La estructura de la cadena productiva de alimentos a nivel global ha tomado la forma de un reloj de arena, en el que en un extremo encuentra a los productores y en el otro a los consumidores, mientras que en medio se encuentran quienes controlan los eslabones estratégicos: el conocimiento estratégico; el comercio; y el financiamiento.

Cereales y oleaginosas -maíz, trigo, arroz y soja, los cuatro principales- son la base alimentaria global, tanto por su papel en la alimentación directa de la humanidad, como en la conversión en proteína animal (huevo, leche o carne), al ser fuente de la dieta animal.

La producción total de cereales en el mundo, creció casi un 30% durante los últimos 10 años, pasando de 2.123.4 millones de toneladas (Tn) en 2007/08, a 2.626.74 millones, esperado para la campaña 2017/18. Mientras que la producción de soja, aumentó casi el 36% en el mismo lapso, la campaña 2007/08 fue de 219,98 millones de Tn y en la campaña 2017/18 se proyecta una producción total de 345,87 millones de Tn.

La demanda de alimentos de la República Popular China, es la principal causante de este fenómeno.
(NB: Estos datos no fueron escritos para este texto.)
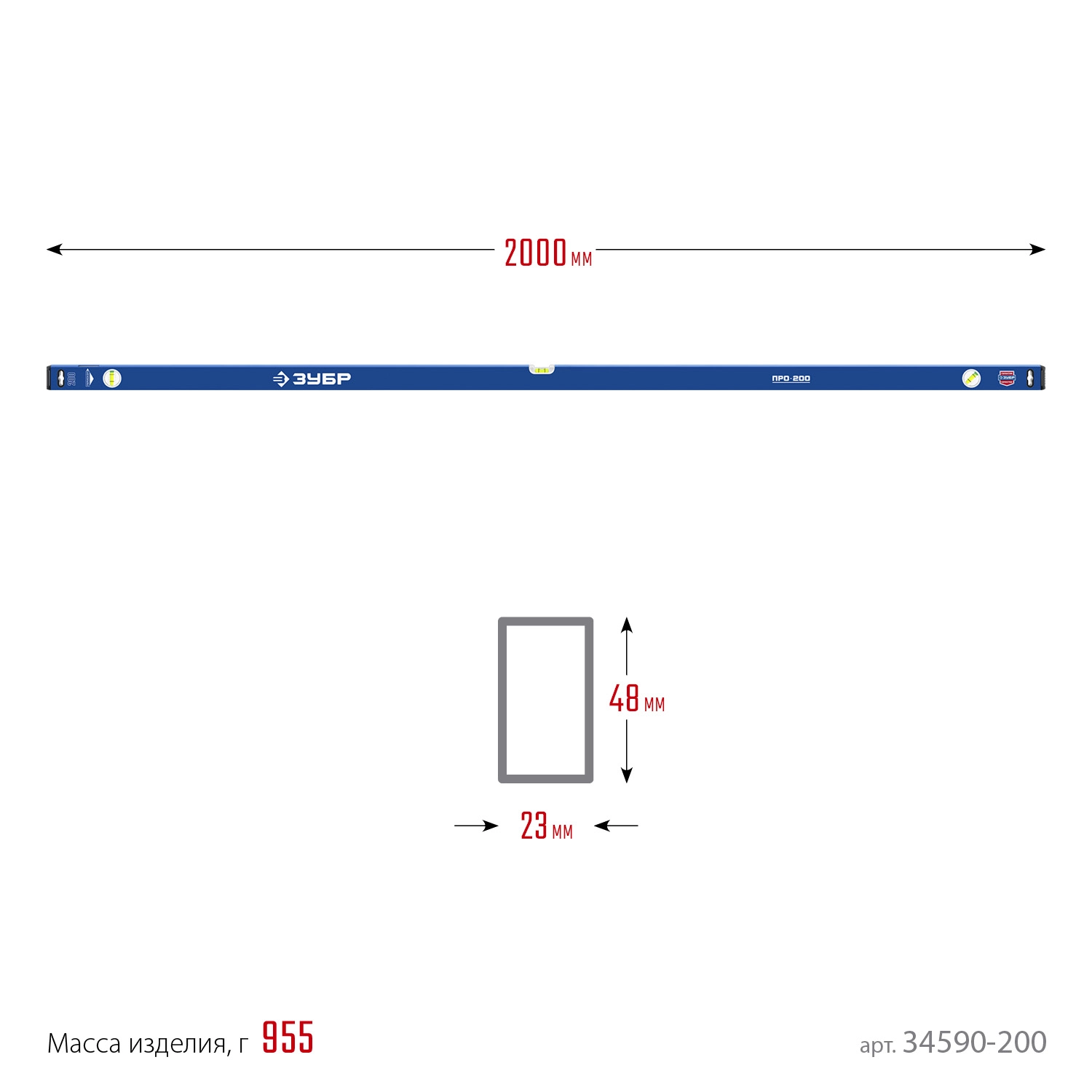 ПроизводителиУровень строительный, 200 см. (0.5 мм/м, 3 гл., фрезер.), магн. (34590-200) ЗУБР

En 10 años la necesidad de China aumentó un 385% para los cereales y un 239.88% para la soja, mientras el resto de los países no han mostrado fluctuaciones importantes.

Cuarta Revolución Industrial, la del conomimiento estratégico

En las puertas de la Cuarta Revolución Industrial, el conocimiento estratégico es clave en la cadena alimenticia. La biotecnología y la tecnología, en sus diferentes aportes en materia genómica y agroquímicos, como así también en inteligencia artificial y robótica, se han convertido en parte de los eslabones que controlan la cadena, definiendo: qué, cómo, quién, dónde, cuándo y para quién producir alimentos.
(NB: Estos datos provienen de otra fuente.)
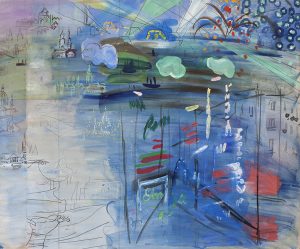 The Paris City Hall electricity company commissioned a monumental work from Dufy for the World Exhibition of Art and Technology in Modern Life held from 25 May to 25 November 1937 in Paris, and for the Universal Exhibition of 1937. The purpose of the work was to “highlight the role of electricity in national life, and in particular the primordial role played by electric lighting in society”, as specified by the commission. The huge majority of the time put into these monumental panels was spent on documenting the machines and producing studies, like the ones presented here.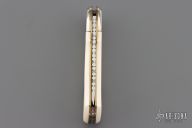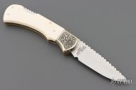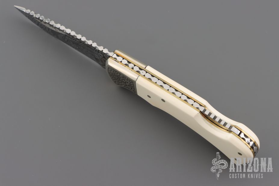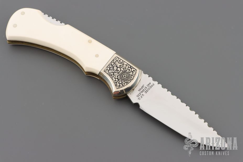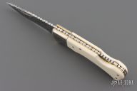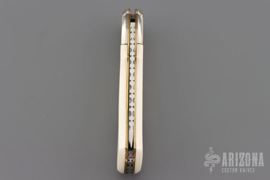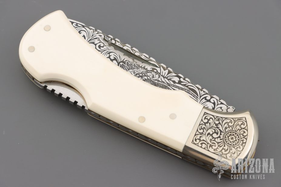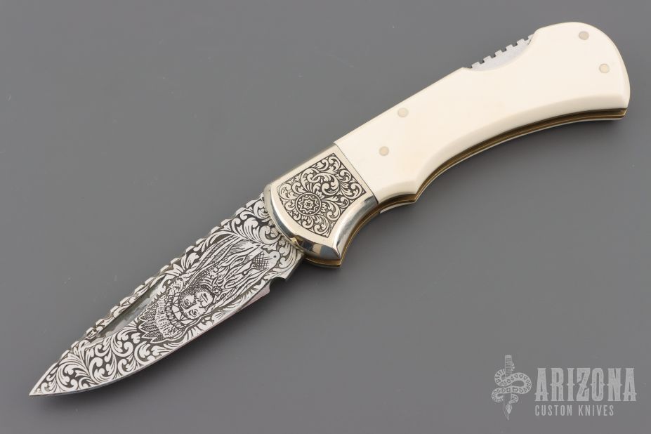 This Deer Slayer Lockback by Precise Knives features a mirror polished blade with fileworked spine and nail nick. The blade has an etching of an American Indian in a head dress. The handle has engraved nickel silver bolsters and brass liners, ivory paper micarta scales, fileworked steel backspacer. Excellent condition.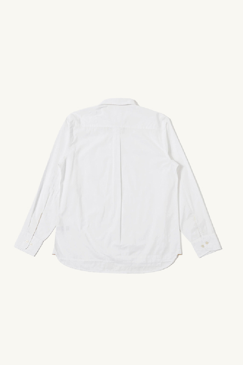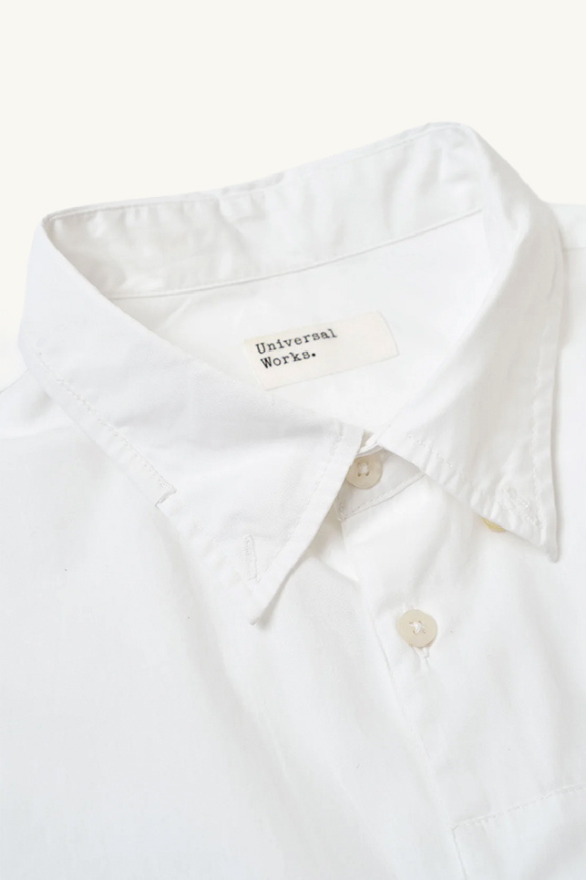 Chemise Patched Lazy Day confectionnée en popeline blanche avec patchworks, de la marque Universal Works.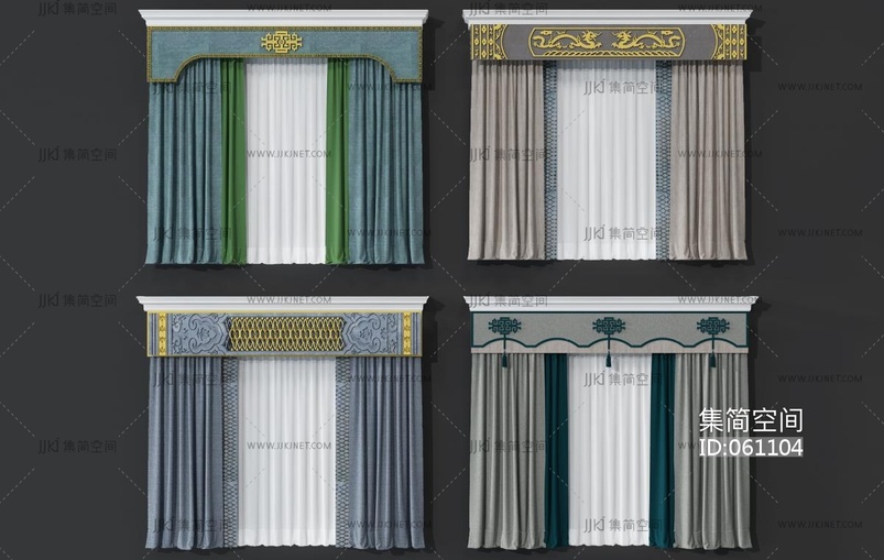 新中式窗帘 3d模型下载 [模型ID:61104]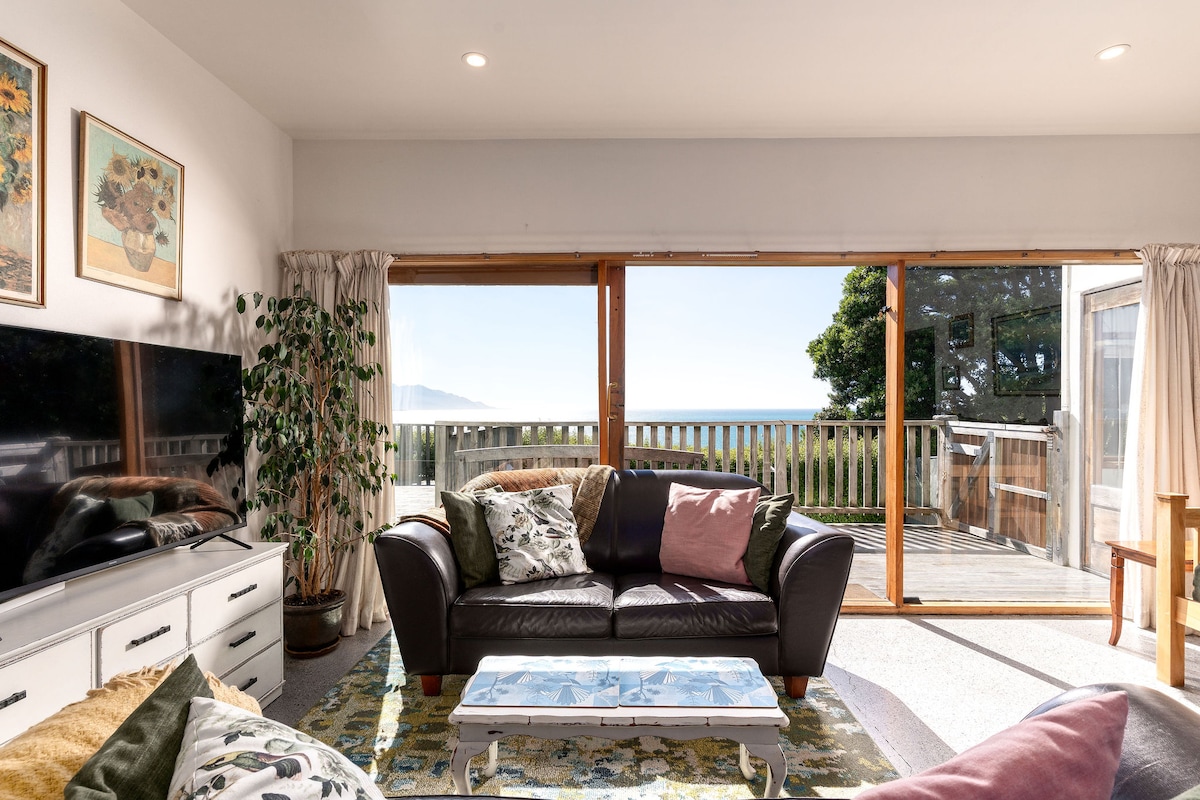 Absolute beachfront, comfortably sleeping 8. Free Wi-Fi and 2 Kayaks free for guest use Enjoy our lovely seaside bach, a warm microclimate situated in the beautiful Golden bay. Relax on the deck and enjoy a summer BBQ with friends and family, light the fire and snuggle up in winter. Our house is so close to the sea listen to the waves from your bedroom! Beautiful beach safe for swimming, dolphins, kayaking, walking & fishing! An idyllic place to rest, relax & unwind.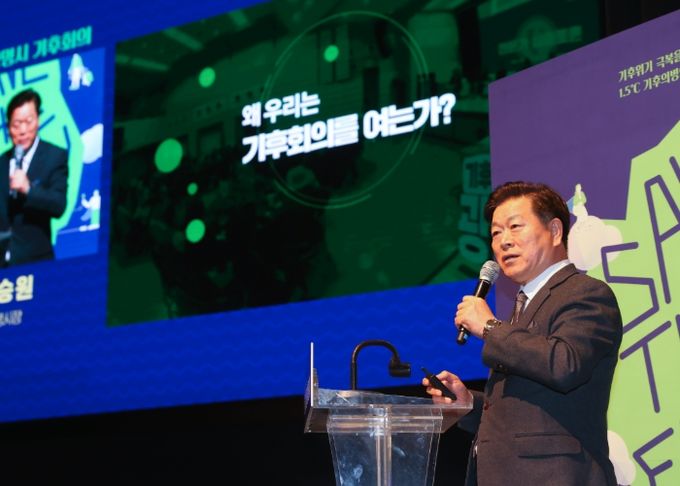 박승원 광명시장은 회의 발제자로 나서 ‘정책에서 실천으로, 시민과 함께 걷는 탄소중립도시 광명’을 주제로 광명시 기후 정책을 소개하고 향후 계획을 설명했다.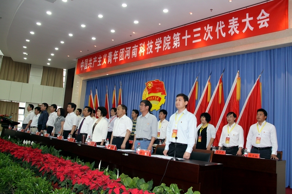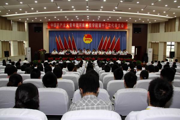 5月21日上午,共青团河南科技学院第十三次代表大会在新行政楼三楼会议室隆重召开。共青团河南省委组织部副部长刘晓琳,校党委书记严全治,党委副书记、校长王清连,党委副书记、工会主席张玉珍,党委副书记郭海波,副校长窦玉玺等出席了大会,郑州大学、河南师范大学、新乡医学院、新乡学院,河南机电高等专科学校等兄弟院校团委领导以及我校相关职能部门负责人也莅临大会现场,团代会153名代表参加了大会。大会由校团委副书记云鹏主持。

Biotecnología: semillas y fertilizantes/herbicidas

La modificación de la información genética de microorganismos, plantas y animales ha permitido mejorar prácticas y productos agrícolas, lo que hace posible producir nuevas variedades de plantas con características nutricionales mejoradas, tolerancia a condiciones adversas, resistencias a herbicidas específicos, control de plagas y mucho más.

Los organismos biotecnológicos, transgénicos o modificados genéticamente, junto a los productos químicos (fertilizantes y herbi/pesticidas) conforman un tándem que aumenta considerablemente la productividad por superficie.
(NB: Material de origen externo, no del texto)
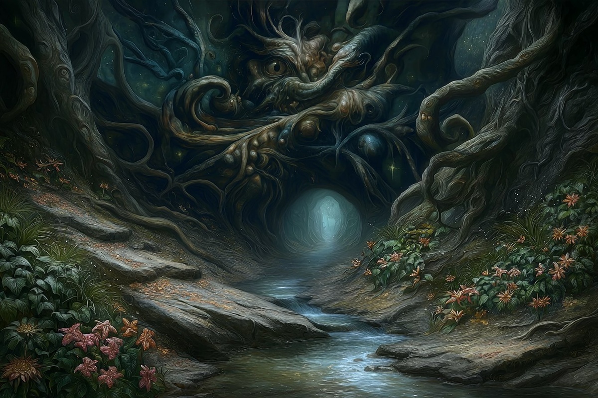 Создано на основе запроса: Lovecraftian cavern, screenshot from Elden Ring --- Автоперевод: Lovecraftian Cavern, скриншот от Elden Ring Хорошо вышло? 🤔 https://dzen.ru/id/65c0c65c86e4f837c27b24d7 #ИИ #AI #нейросеть #midjourney #art
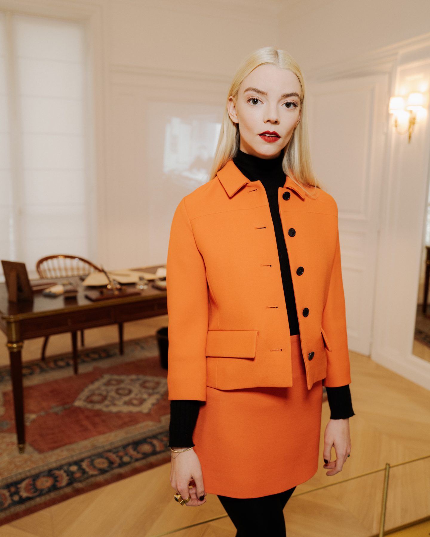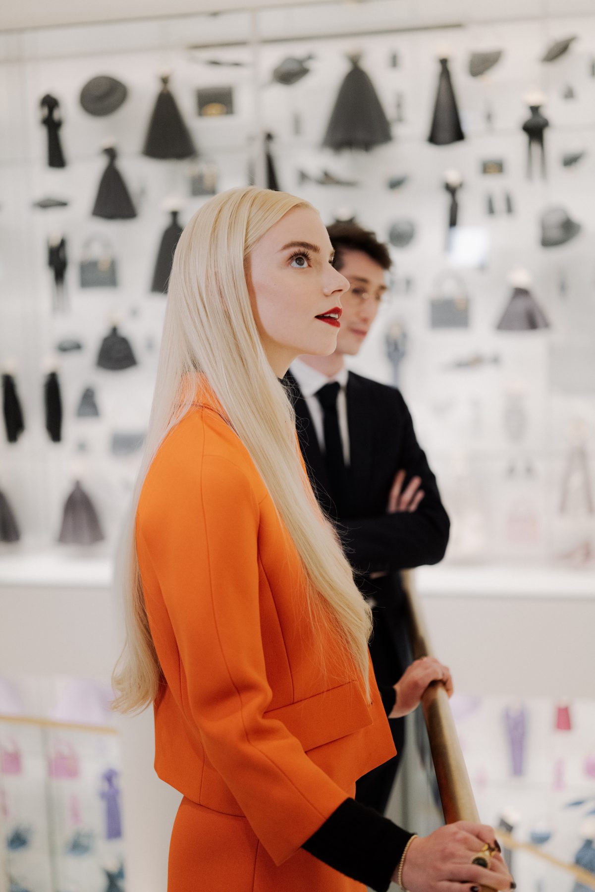Anya Taylor-Joy 身穿2022春夏系列的橙子套裝,以品牌代言人身分率先參觀全新 Dior 巴黎蒙田大道30號總店。Anya Taylor-Joy 被一面超過3層樓高的彩虹裝飾牆所吸引,上展示了共1874個 Dior 設計擺設,全都是經典的紅地毯設計、手袋以及標誌式輪廓。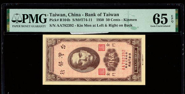 1375 imageTaiwan, 1950 50 Cents - Kinmen, Bank Of Taiwan, S/M#T74-11, PMG 65 Gem Uncirculated EPQ (Pick-R104b) (Image1) (Image2) (All Images)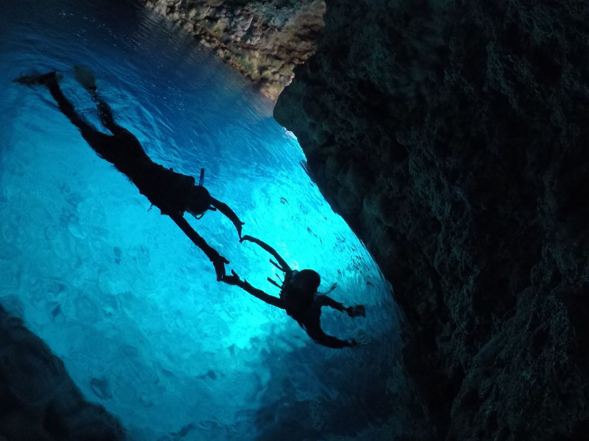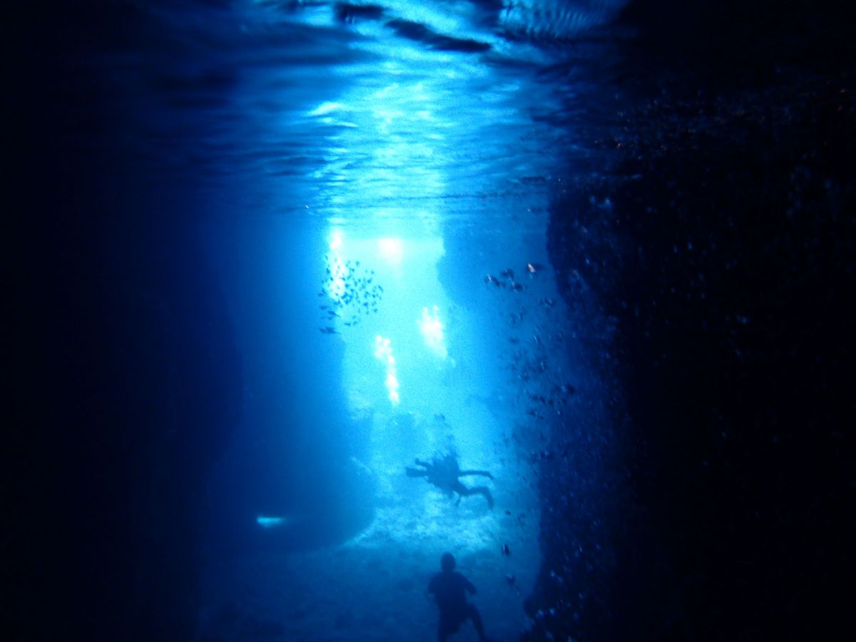洞窟ではシュノーケリング組が海面をプカプカ,ダイビング組が海底を潜って,見ていて楽しかったです。

El mercado global de agroquímicos y semillas ronda los 100 mil millones de dólares, y está dominado por una trilogía de empresas fusionadas: Bayer-Monsanto, Syngenta-ChemChina, Dow-Dupont. Estas megacorporaciones controlan el 60% del mercado mundial de semillas comerciales (incluido casi 100% de semillas transgénicas) y 71% de los agroquímicos a nivel global.

La fusión Bayer-Monsanto, con un valor de 66 mil millones de dólares, implica una mega empresa que contiene a Bayer -séptima en genómica y segunda en química, y a Monsanto primera en genética y quinta en química. Mientras que la fusión de Dow-DuPont, por un valor de 130 mil millones de dólares, suma a Dow como la cuarta empresa de genómica y también cuarta en química y a DuPont la segunda en genómica y quinta en química. No se quedaron atrás las empresas chinas, en la fusión de ChemChina-Syngenta, por un valor 43 mil millones de dólares, posiciona a ChemChina séptima empresa de química, con Syngenta tercera en genómica y primera en química.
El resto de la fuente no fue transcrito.